The applicant, the Trustees of Le Club Body Corporate, is the body corporate of a sectional title/community scheme. The respondent, Ronelle Ann Solomons, is the registered owner of Unit 10 in Le Club Body Corporate, Sandton. The body corporate alleged that the respondent had fallen into arrears with monthly levies and that the arrears, including interest charged under the scheme’s conduct and management rules, totalled R84 093.00 as at 1 November 2023. The applicant sought relief under s 39(1)(e) of the Community Schemes Ombud Service Act 9 of 2011 for payment of the outstanding amount. The respondent did not file a substantive response disputing liability, but indicated that she could only afford to pay R2 500.00 per month to settle the debt. A certificate of non-resolution was issued and the matter proceeded to paper-based adjudication before the CSOS adjudicator.

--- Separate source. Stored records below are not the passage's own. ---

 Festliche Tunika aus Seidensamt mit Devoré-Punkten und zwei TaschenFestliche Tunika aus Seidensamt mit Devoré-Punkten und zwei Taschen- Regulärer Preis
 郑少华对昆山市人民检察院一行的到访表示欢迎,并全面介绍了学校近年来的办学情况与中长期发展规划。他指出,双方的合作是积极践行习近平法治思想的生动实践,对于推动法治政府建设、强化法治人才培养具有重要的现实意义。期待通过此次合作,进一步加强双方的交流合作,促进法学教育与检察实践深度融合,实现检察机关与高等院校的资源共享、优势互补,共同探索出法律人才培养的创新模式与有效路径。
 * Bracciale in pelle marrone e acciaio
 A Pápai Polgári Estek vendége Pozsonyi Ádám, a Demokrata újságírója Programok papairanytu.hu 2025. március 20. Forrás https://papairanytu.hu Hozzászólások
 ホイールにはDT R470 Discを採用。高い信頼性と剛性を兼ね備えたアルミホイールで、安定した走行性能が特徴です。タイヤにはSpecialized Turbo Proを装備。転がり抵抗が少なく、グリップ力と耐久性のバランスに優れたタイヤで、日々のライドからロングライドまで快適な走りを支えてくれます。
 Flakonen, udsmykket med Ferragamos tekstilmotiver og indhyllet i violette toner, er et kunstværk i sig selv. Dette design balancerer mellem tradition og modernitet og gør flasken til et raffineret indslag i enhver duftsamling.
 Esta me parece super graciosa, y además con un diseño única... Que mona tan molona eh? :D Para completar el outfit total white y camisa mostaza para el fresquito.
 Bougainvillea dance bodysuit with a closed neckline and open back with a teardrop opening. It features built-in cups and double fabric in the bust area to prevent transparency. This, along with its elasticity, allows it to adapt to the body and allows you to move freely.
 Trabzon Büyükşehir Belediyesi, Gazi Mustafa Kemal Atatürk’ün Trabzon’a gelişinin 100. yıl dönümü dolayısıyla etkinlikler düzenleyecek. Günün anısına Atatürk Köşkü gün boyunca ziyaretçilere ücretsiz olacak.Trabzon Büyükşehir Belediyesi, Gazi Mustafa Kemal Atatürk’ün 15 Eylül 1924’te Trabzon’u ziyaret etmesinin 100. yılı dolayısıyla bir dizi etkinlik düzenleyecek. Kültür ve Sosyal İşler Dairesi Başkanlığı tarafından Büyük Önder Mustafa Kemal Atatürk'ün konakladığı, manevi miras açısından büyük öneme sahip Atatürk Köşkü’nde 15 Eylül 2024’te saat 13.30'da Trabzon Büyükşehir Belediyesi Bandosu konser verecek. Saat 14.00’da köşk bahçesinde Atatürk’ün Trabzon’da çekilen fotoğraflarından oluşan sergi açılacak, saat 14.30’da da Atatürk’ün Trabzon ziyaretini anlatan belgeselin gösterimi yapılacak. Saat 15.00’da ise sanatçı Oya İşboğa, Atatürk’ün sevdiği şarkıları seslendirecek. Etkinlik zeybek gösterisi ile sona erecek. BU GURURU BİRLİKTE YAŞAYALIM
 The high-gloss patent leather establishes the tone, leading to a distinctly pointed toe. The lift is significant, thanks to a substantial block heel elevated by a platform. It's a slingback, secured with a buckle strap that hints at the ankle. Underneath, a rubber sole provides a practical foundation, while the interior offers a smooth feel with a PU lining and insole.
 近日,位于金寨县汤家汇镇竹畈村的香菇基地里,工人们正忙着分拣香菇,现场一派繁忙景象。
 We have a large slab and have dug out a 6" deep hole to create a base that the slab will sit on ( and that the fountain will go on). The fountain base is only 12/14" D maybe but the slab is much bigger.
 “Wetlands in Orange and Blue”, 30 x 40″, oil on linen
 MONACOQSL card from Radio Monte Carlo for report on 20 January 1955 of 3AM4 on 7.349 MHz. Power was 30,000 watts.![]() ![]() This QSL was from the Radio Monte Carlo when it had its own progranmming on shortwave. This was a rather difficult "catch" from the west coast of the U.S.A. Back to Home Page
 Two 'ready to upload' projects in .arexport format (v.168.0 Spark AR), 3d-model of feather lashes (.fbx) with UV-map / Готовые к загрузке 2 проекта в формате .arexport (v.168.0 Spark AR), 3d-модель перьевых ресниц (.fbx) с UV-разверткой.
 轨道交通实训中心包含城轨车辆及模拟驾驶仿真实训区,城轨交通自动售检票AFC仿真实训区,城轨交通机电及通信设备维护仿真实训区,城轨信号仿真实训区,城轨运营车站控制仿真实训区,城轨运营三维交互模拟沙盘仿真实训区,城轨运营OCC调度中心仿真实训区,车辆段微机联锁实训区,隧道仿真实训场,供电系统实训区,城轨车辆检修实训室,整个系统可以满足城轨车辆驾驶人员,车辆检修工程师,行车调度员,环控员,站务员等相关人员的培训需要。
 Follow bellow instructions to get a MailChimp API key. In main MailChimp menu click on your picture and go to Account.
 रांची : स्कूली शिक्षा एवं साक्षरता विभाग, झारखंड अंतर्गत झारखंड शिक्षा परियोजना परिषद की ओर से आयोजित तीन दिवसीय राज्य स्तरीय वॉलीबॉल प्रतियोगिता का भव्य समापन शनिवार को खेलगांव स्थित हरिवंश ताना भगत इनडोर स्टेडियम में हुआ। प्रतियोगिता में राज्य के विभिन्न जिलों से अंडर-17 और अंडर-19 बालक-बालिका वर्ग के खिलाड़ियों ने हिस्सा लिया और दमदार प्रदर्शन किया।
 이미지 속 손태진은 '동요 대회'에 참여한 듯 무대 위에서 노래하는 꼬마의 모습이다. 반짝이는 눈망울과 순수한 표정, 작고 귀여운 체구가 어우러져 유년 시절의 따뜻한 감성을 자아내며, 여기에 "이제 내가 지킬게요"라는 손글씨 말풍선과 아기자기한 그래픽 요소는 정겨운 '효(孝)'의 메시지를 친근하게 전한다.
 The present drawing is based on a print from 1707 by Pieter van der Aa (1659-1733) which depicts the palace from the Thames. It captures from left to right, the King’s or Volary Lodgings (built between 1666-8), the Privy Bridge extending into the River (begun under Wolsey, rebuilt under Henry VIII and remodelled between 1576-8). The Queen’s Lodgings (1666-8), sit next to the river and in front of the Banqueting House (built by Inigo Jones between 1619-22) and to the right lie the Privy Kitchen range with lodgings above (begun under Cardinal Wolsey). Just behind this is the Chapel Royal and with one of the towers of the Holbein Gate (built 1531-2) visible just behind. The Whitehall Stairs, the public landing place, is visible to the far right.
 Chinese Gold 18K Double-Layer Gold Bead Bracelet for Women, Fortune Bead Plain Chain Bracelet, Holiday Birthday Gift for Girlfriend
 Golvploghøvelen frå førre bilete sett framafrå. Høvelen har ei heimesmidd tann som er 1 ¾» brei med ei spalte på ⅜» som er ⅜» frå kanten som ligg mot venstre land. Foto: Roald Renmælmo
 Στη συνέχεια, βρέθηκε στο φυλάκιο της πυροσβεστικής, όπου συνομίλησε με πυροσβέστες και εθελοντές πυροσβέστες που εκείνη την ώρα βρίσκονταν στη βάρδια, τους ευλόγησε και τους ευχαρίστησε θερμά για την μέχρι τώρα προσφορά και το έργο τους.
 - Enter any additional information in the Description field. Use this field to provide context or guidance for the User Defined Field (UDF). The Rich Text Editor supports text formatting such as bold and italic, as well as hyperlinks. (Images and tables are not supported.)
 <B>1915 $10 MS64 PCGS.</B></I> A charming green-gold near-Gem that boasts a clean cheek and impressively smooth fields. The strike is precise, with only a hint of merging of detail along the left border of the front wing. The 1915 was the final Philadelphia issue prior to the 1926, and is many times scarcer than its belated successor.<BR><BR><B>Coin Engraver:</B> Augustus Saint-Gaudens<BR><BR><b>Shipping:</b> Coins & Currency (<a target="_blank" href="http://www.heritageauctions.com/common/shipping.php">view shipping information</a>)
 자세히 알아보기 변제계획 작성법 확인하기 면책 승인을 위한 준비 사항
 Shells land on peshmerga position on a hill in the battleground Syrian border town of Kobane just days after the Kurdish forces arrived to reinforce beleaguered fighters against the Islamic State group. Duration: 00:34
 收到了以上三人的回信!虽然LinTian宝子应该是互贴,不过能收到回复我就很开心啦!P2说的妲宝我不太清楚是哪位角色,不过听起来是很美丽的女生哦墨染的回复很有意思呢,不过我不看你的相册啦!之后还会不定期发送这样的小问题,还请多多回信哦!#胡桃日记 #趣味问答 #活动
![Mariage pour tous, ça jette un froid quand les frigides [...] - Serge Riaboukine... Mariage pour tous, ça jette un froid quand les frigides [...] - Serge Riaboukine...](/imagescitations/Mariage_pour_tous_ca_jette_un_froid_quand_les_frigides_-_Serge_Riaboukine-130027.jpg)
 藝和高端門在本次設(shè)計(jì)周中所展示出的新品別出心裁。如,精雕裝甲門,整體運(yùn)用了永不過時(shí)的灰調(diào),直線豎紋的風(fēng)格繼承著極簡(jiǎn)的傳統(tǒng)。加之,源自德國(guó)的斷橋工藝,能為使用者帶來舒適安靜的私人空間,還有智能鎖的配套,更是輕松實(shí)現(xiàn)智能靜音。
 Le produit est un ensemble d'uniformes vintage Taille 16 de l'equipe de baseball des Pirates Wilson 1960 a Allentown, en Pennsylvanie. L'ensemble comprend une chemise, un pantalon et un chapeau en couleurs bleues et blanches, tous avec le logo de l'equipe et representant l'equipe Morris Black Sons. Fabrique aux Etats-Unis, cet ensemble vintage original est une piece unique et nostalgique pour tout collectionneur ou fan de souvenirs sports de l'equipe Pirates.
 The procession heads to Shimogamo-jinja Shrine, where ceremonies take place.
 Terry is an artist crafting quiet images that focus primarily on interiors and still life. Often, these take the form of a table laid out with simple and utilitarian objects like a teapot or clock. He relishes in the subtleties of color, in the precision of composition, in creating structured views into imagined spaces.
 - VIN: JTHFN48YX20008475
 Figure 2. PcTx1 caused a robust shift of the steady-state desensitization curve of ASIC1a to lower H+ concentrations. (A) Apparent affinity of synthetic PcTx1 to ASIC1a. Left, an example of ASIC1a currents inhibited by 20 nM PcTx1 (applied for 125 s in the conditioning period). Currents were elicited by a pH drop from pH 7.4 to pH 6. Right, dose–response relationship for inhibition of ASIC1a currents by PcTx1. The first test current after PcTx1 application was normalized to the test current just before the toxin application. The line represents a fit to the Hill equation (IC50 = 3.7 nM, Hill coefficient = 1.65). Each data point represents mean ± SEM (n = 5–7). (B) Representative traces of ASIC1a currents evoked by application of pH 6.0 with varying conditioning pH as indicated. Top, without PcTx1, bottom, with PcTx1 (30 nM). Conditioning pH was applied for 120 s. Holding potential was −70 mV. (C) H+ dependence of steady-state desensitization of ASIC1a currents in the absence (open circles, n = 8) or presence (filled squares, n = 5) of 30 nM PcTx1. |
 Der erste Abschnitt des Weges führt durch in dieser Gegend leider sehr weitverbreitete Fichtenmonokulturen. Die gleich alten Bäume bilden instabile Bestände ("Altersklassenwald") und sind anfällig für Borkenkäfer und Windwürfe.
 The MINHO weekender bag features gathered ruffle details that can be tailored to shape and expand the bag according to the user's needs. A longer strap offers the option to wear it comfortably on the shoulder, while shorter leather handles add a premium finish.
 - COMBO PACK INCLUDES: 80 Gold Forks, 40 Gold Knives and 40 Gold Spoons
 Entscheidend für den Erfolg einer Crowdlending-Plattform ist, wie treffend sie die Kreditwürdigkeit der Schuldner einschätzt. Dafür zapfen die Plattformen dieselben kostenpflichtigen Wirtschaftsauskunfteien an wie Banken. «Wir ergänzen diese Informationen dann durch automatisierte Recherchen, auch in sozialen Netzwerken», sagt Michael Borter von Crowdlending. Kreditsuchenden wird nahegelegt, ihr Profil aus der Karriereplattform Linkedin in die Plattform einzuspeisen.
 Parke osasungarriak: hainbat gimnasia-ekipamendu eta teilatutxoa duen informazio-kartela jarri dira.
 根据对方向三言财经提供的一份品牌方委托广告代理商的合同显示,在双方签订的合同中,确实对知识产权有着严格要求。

The application was upheld. The respondent was ordered to pay the applicant R84 093.00 in outstanding levies in 10 equal instalments of R8 409.30 from 1 January 2024, with the final instalment due on 1 October 2024. If the respondent failed to make payments, the full outstanding amount would immediately become due and payable. No order as to costs was made.
An owner of a unit in a sectional title scheme is legally obliged, by virtue of ownership and the statutory and rule-based framework governing the body corporate, to pay duly levied contributions and applicable interest. Where a body corporate proves arrears on a balance of probabilities and the owner does not dispute liability, a CSOS adjudicator may grant an order under s 39(1)(e) of the CSOS Act compelling payment of the outstanding levies and interest, and may regulate the manner of payment by instalments.
The adjudicator’s broader references to the contractual nature of membership of community schemes, the general powers of bodies corporate to recover legal costs, and the appeal process under s 57 of the CSOS Act were not strictly necessary to deciding the narrow issue of liability for the proven arrear levies. The remarks that the respondent appeared 'unwilling' to pay, despite the indication of limited affordability, were also not essential to the legal conclusion.
This adjudication reaffirms in the community schemes context that levy liability attaches to ownership of a sectional title unit and can be enforced through CSOS under s 39(1)(e). It illustrates the Ombud Service’s role as a statutory forum for recovery of arrear levies and confirms that scheme rules and trustee resolutions, read with the STSMA, create enforceable obligations on owners. It is also practically significant because it shows that even where liability is not disputed but affordability is raised, CSOS may still grant the body corporate substantive relief while structuring payment by instalments.